Early blueprint of Chandler's proposed renovations to the main house at Stevens-Coolidge; note the "GARDEN ROOM" in the back left corner and angled extra-large pantry. Neither of these spaces made it into the final design. Image courtesy of the Trustees of Reservations Archives & Research Center, Stevens-Coolidge Place Collection.
Chandler’s blueprints also reveal specific elements of the home’s layout prior to his renovation. Faint dotted lines appear in different areas of the house, indicating where walls, windows, and doors would need to be removed or altered to realize Chandler’s design. Most notable is the staircase removal from the back wing of the house, allowing Chandler to design and install a Butler’s Pantry for easier service during lunch parties and removing old walls above it to create one large space rather than an upstairs hall and bedrooms.

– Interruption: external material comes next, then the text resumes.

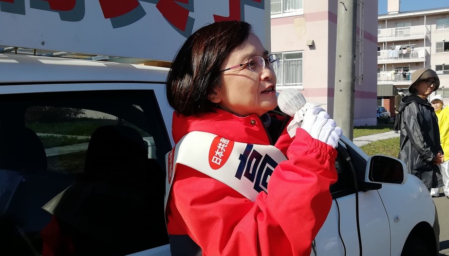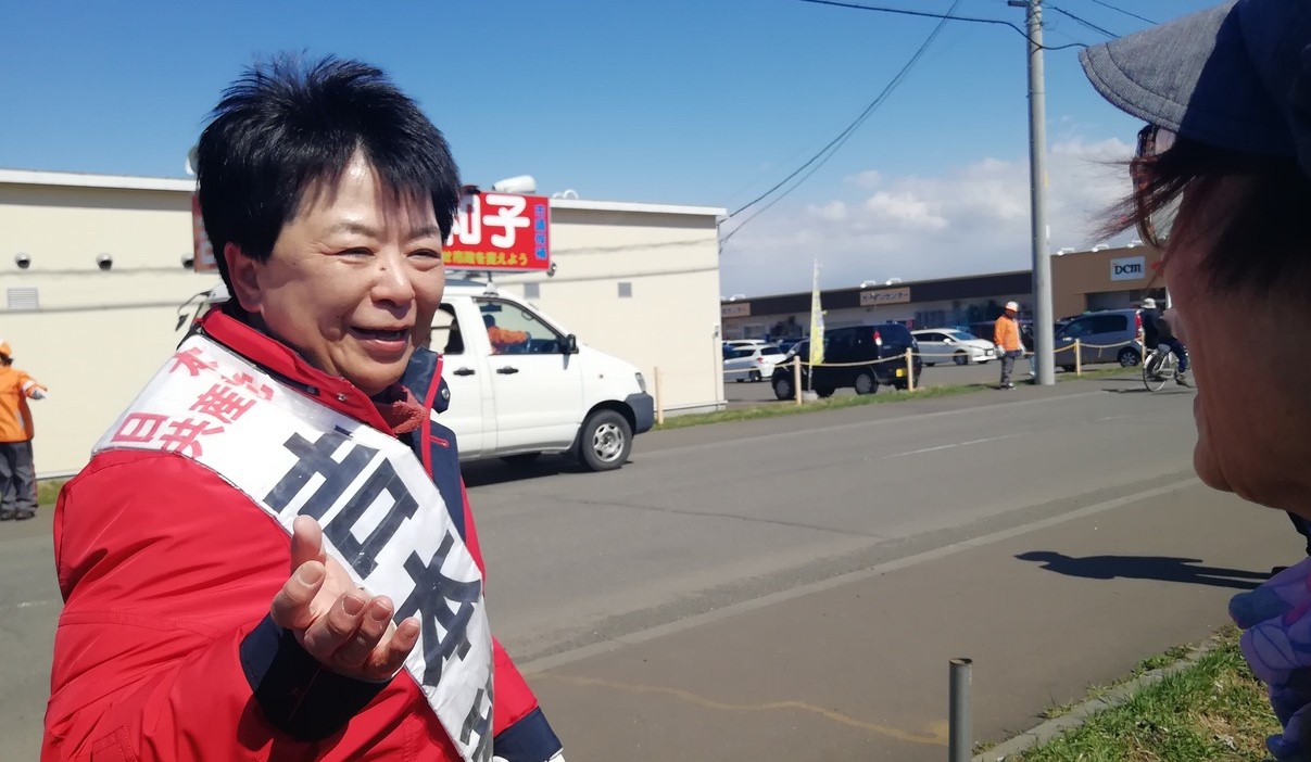 88自治体から131人の候補者がいる北海道(※無投票当選を含む)。直接まわれなかった候補の必勝を願いつつ、ここも激戦となっている江別市に。高橋典子・吉本和子の両現職と、新人・佐藤みさ子候補とで改選比1増となる3議席をめざします。女性候補者が多い江別市ですが、高橋典子候補も最初は中学生と小学生の子どもを抱えて議会活動をしていただけに、5期20年もの奮闘が大きな功績となって反映してきた結果ではないでしょうか。就学援助の入学準備金を3月支給にするなど、子育ての支援では確かな実績も積み重ねてきました。行動力と論戦力で、江別市議団のカナメとなってきた高橋候補を押し上げてほしいと私も力を込めました。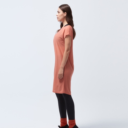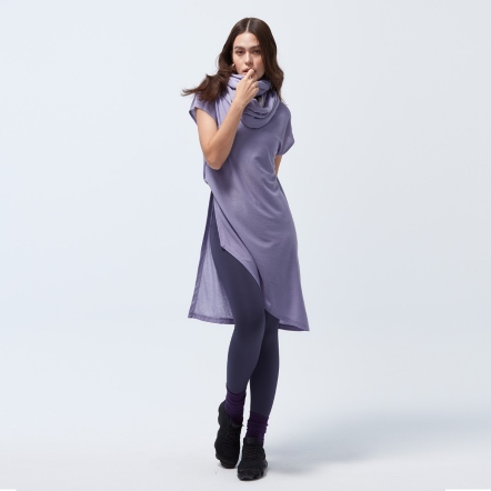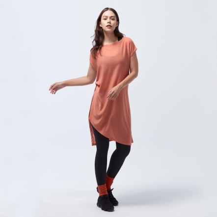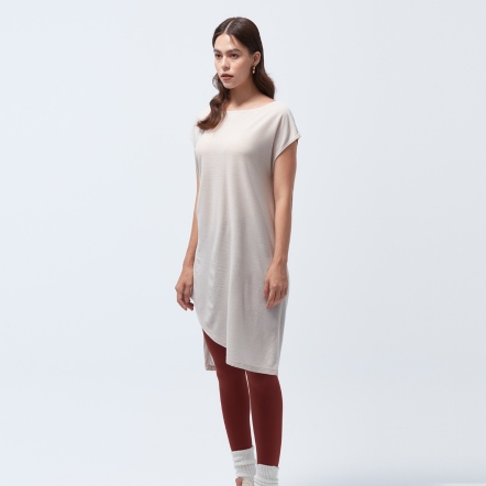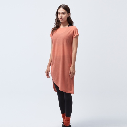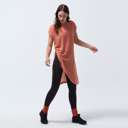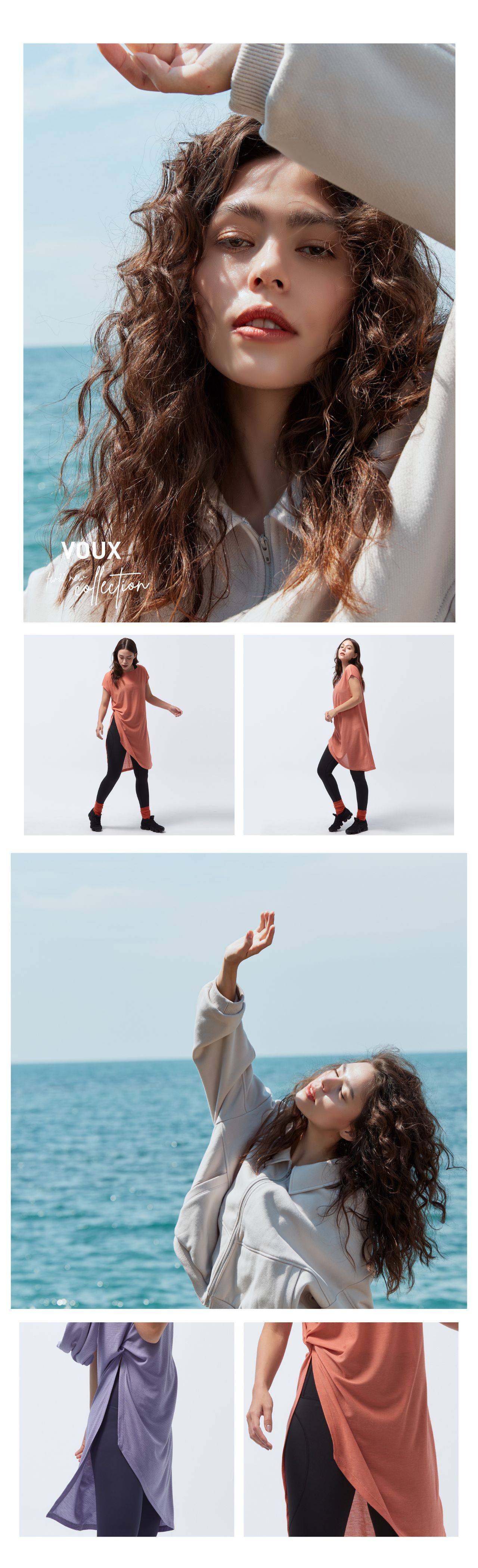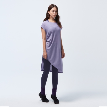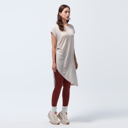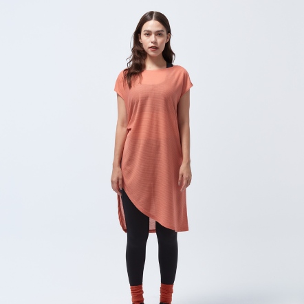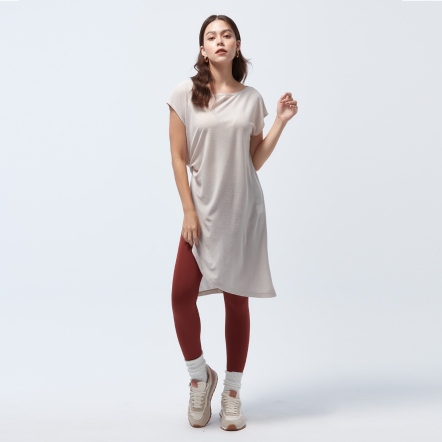 微落肩寬鬆版型,細緻格紋交織,展現輕巧布料工藝船型領顯露肩頸部線條側邊立裁紐結與開衩設計,拉長腿部比例吸濕速乾、抗菌除臭

Chandler’s talents extended beyond the arrangement of walls and windows, however, into the realms of color and design—and it is here where we can see how he managed his entitled clientele. Cost was a recurring concern for John, and he noted in their Thinkbook that the plans “are attractive but we fear very expensive [because] he wants to paint the house white.”1 When John went to confront Chandler, however, he was unsuccessful in changing the architect’s mind: “the result [of our meeting] was satisfactory for one of the amiable and intelligent traits in his character is that he never says no to any suggestion, [but] if he does not like it he seeks to divert it by oblique opposition.”2 After several months of considering painting the house white, and one afternoon of attempting to alter Chandler’s plans, John gave up on trying to save money on the exterior paint and acquiesced to Chandler’s vision.
Close-up of blueprints of first floor. The dotted lines inside the "SERVING PANTRY" show old walls and supports for the former front hall staircase. Image courtesy of The Trustees of Reservations Archives & Research Center, The Stevens-Coolidge Place Collection.
Helen and John left for Paris shortly after finalizing the blueprints with Chandler. Over the next three years, the renovation at Ashdale Farm was entirely in Chandler’s hands. New research reveals that Chandler’s impact on the house was far more holistic than previously imagined: photographs from the late 1890s and early 1920s reveal how each room was furnished before and after Chandler’s work. However, we needed the expert help of conservator Christine Thomson to investigate the wallpaper and paint colors from these black and white photos. With her help, we uncovered Chandler’s deep involvement in all phases of the project—including his hand-picked choices of pale green wallpaper in the Library—one of the largest entertaining spaces—and a blush pink in the Morning Room. The colors, textures, and patterns Chandler incorporated throughout the home, including in the formal gardens, guided how the Coolidges furnished and used each space both inside and outside of the house’s wooden walls.
The Library at Stevens-Coolidge after Chandler's renovation, 1918-1923. Photograph from album BL4. Image courtesy of The Trustees of Reservations Archives & Research Center, The Stevens-Coolidge Place Collection.
The Library at Stevens-Coolidge in 2021, showing the newly-installed wallpaper in original colors as chosen by Chandler. Image courtesy of Katharine F. Grant, Curatorial Fellow.